I. Об общении, существующем между мозгом матери и мозгом ее ребенка. — II. Об общении, существующем между нашим мозгом и другими частями нашего тела; оно ведет нас к подражанию и состраданию. — III. Объяснение происхождения детей-уродов и о размножении видов. — IV. Объяснение некоторых видов умственного расстройства и некоторых наклонностей воли. — V. О вожделении и первородном грехе. — VI. Возражения и опровержения их.

Мне кажется очевидным, что мы связаны со всеми вещами и, естественно, имеем отношения ко всему окружающему, и это нам весьма полезно для сохранения и удобства жизни. Но эти отношения не все равны. Мы гораздо больше дорожим Францией, чем Китаем, солнцем, чем какой-нибудь звездой, своим собственным домом, чем

158

домом своих соседей. Существуют невидимые нити, привязывающие нас гораздо теснее к людям, чем к животным; к нашим родителям и друзьям теснее, чем к посторонним; к тем, от кого мы ждем материальной поддержки, больше, чем к тем, от кого мы ничего не ждем и кого не опасаемся.

Относительно этой естественной связи между нами и другими людьми следует прежде всего заметить, что она тем сильнее, чем больше мы нуждаемся в людях. Родные и друзья тесно связаны друг с другом: можно сказать, что у них горести и бедствия, так же как радости и благополучие, общие, ибо все страсти и все чувства наших друзей передаются нам через впечатление, какое производит на нас их обращение и выражение их лица. Но так как, в сущности, мы можем жить без них, то эта естественная связь между нами и ими не будет еще самою тесною.

I. Младенцы, находящиеся в утробе матери, тело которых еще вполне не сформировалось, и которые сами по себе находятся в состоянии наибольшей, какую только возможно допустить, слабости, должны иметь со своими матерями связь самую тесную, какую мы лишь можем себе представить. И хотя душа их отделена от души их матери, но тело их не отделено от ее тела, то, должно думать, они имеют те же чувства и те же страсти — словом, все те душевные состояния, которые возбуждаются в душе по поводу движений, происходящих в теле.

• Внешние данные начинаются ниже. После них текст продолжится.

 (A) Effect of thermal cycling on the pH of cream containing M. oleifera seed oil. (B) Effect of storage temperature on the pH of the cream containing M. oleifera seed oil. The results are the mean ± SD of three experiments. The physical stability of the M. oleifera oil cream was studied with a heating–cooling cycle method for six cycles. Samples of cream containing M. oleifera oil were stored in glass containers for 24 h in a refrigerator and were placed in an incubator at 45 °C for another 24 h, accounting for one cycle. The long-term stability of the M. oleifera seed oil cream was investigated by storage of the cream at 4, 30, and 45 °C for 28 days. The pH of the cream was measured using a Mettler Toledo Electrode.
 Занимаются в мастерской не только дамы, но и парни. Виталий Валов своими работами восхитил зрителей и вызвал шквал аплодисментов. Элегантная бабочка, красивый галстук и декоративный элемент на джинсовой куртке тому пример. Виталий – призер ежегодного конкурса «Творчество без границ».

Итак, дети видят то же, что видят их матери, слышат те же крики, получают те же впечатления от предметов и волнуются теми же страстями. Ибо раз выражение лица человека, охваченного страстью, передается тем, кто смотрит на него, и, естественно, сообщает им страсть, подобную той, какая волнует его, хотя бы связь этого человека с теми, кто смотрит на него, была не особенно велика, то, как мне кажется, мы имеем основание думать, что матери способны сообщать детям своим все те же чувства и страсти, которые волнуют их. Ибо тело ребенка образует одно тело с телом матери, кровь и жизненные духи одни и те же у него и у нее;

чувства же и страсти суть естественные следствия движений жизненных духов и крови, и эти движения неизбежно передаются от матери ребенку. Итак, страсти, чувства и вообще все душевные состояния, поводом к которым служит тело, одни и те же у матери и у ребенка.

Это мне кажется несомненным в силу многих причин. Уже из того факта, что мать, которая сильно была испугана при виде кошки, рождает ребенка, каждый раз при виде этого животного приходящего в ужас, легко сделать тот вывод, что ребенок, следовательно, должен был испытывать также ужас и эмоцию жизненных духов при виде того, что видела его мать, когда носила его, потому что вид кошки, не делающей ему никакого вреда, вызывает в нем такие странные явления. Однако я высказываю все это лишь как предположение, которое, по моему мнению, достаточно будет доказано впоследствии.